The EZ interface pictured above is targeted at newbies, and it’s traditionally been light on actual options. Asus has expanded its functionality for Haswell, adding XMP memory control and the ability to select pre-defined fan profiles.

The Shortcut button in the lower left corner has been carried over from Asus’ Ivy Bridge boards, but its contents are now customizable. Users can add shortcuts to any variable within the advanced interface. They can also populate an entire Favorites tab in the alternate UI.

Most of us modify only a fraction of the settings in modern mobo firmware. The mix of options is probably slightly different for each user, making the favorites tab a nice addition.

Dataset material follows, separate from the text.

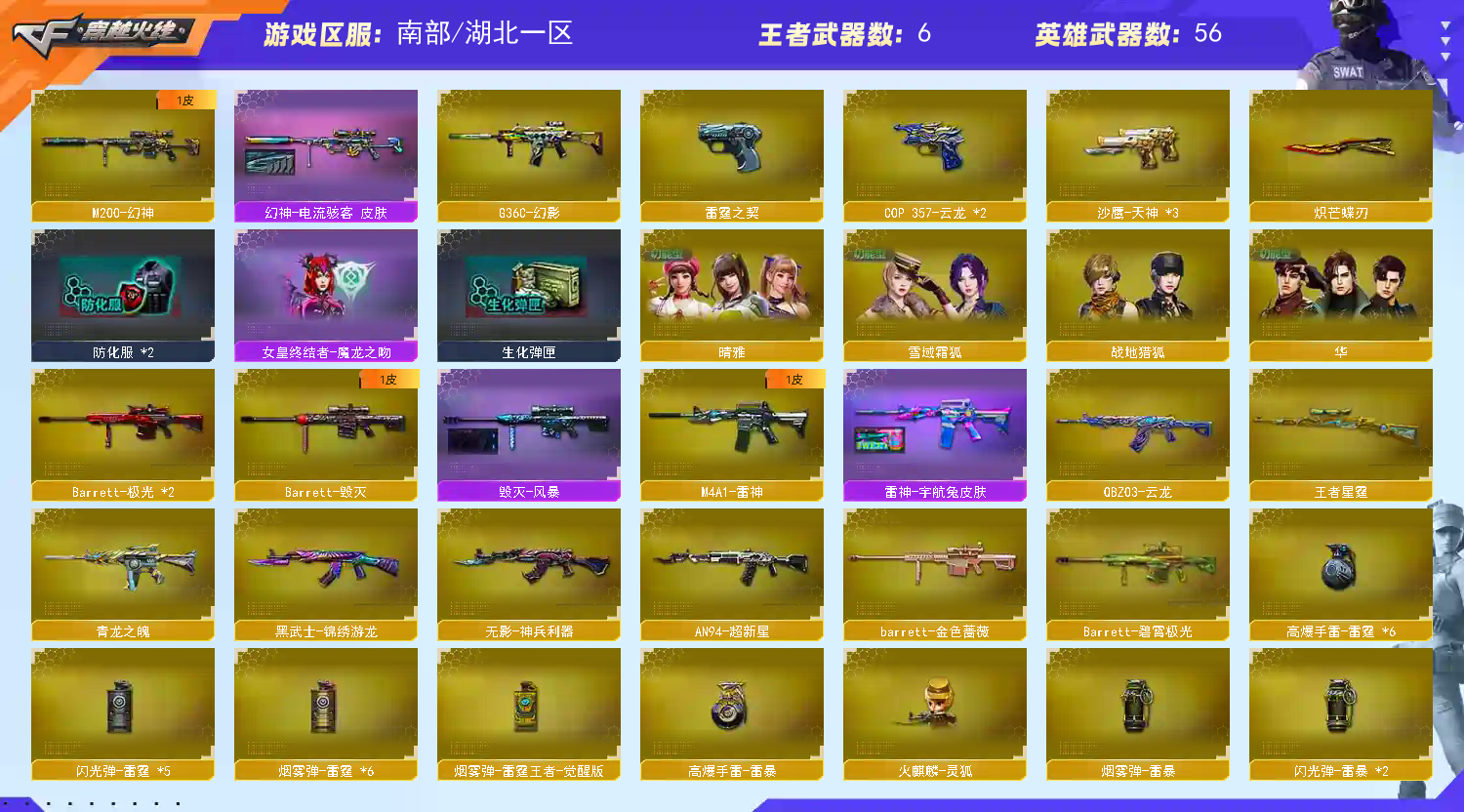 出租不易,请各位老板手下留情。不要开挂放号一马,感谢支持和理解 请不要挂机逃跑有违规辱骂行为 祝各位老板玩的开心,如有违规行为发现则立马拉黑,如遇开挂行为也必追究到底 商户多年号已备案,如开挂被封则必追查到底,根据实名,报警追究,不拿赔偿不罢休,请勿因一时贪心触犯违法行为。祝老板玩的开心愉快🌹喜欢可以收藏关注🌹 幻神电流骇客+王者星霆⚡5雷霆套1雷暴套2云龙套⚡雷霆云龙cop⚡炽芒蝶刃⚡G36C幻影⚡晴雅⚡华⚡王势⚡极光⚡修罗屠龙龙啸擎天等;炽芒蝶刃,晴雅,G36C-幻影,M200-幻神,

As one might expect, the advanced interface is teeming with tweaking and overclocking options. We’ve seen the vast majority of them before, but Asus has cooked up something new for CPU voltage adjustment. In the past, users have been limited to defining a static voltage or using an offset that boosts the CPU’s default by a specific amount. The offset mode is generally preferred because it allows the CPU voltage to drop when Turbo is disengaged.

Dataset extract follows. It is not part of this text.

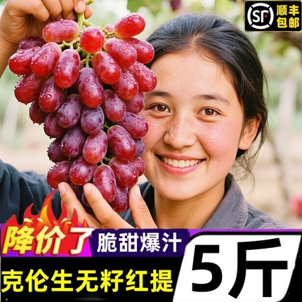 克伦生葡萄无籽红提当季新鲜水果现摘玻璃脆纯甜无核提子顺丰包邮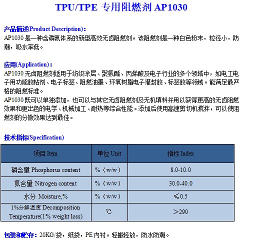 TPU/TPE專用阻燃劑AP1030 2022-12-14 本文被閱讀 2893 次

Even with the CPU idling at its lowest clock speed, though, the offset mode applies extra voltage, raising power consumption and heat output unnecessarily. Asus’ new adaptive mode addresses this issue by applying an offset voltage only when Turbo multipliers are active. The CPU runs at its default voltage when idling.

Adaptive voltage control is pretty slick, but it’s not perfect. Haswell CPUs can request additional voltage under extremely heavy loads, and this is applied on top of the adaptive voltage set in the firmware. If your cooling solution can’t handle the extra voltage (typically around 100 mV, from what we’ve been told), throttling or worse could result.

Asus tells us that only stress tests like Prime95 will cause Haswell CPUs to demand extra voltage; even multithreaded rendering loads don’t hit the chip hard enough. The only way to stop this voltage grab is to set a static CPU voltage, Asus claims. Offset voltages are affected just like adaptive ones.

Another setting of note is MultiCore Enhancement, which has been used in the past to boost Turbo multipliers silently when unrelated system variables are changed. Asus promised it wouldn’t play tricks with Turbo this time around, and the Z87-PRO delivers on that pledge. We have seen some other Z87 boards resort to surreptitious overclocking, though. Stay tuned for their public shaming.

Like Asus’ previous UEFI iterations, the Z87-PRO’s firmware feels like it’s been designed for speedy navigation. The interface transitions are instantaneous, and the mouse and keyboard response are excellent. Most multipliers, clock speeds, voltages, and timings can be keyed in directly.

The advanced section of the firmware contains a couple of unique features we haven’t seen elsewhere. QuickNote allows text notes to be saved and modified within the firmware interface. Then there’s the Last Modified log, which keeps a running record of settings changes. The log can be accessed at any time and saved to a USB drive. An appended version is also displayed when you’re prompted to save changes upon exit. Pretty slick, no?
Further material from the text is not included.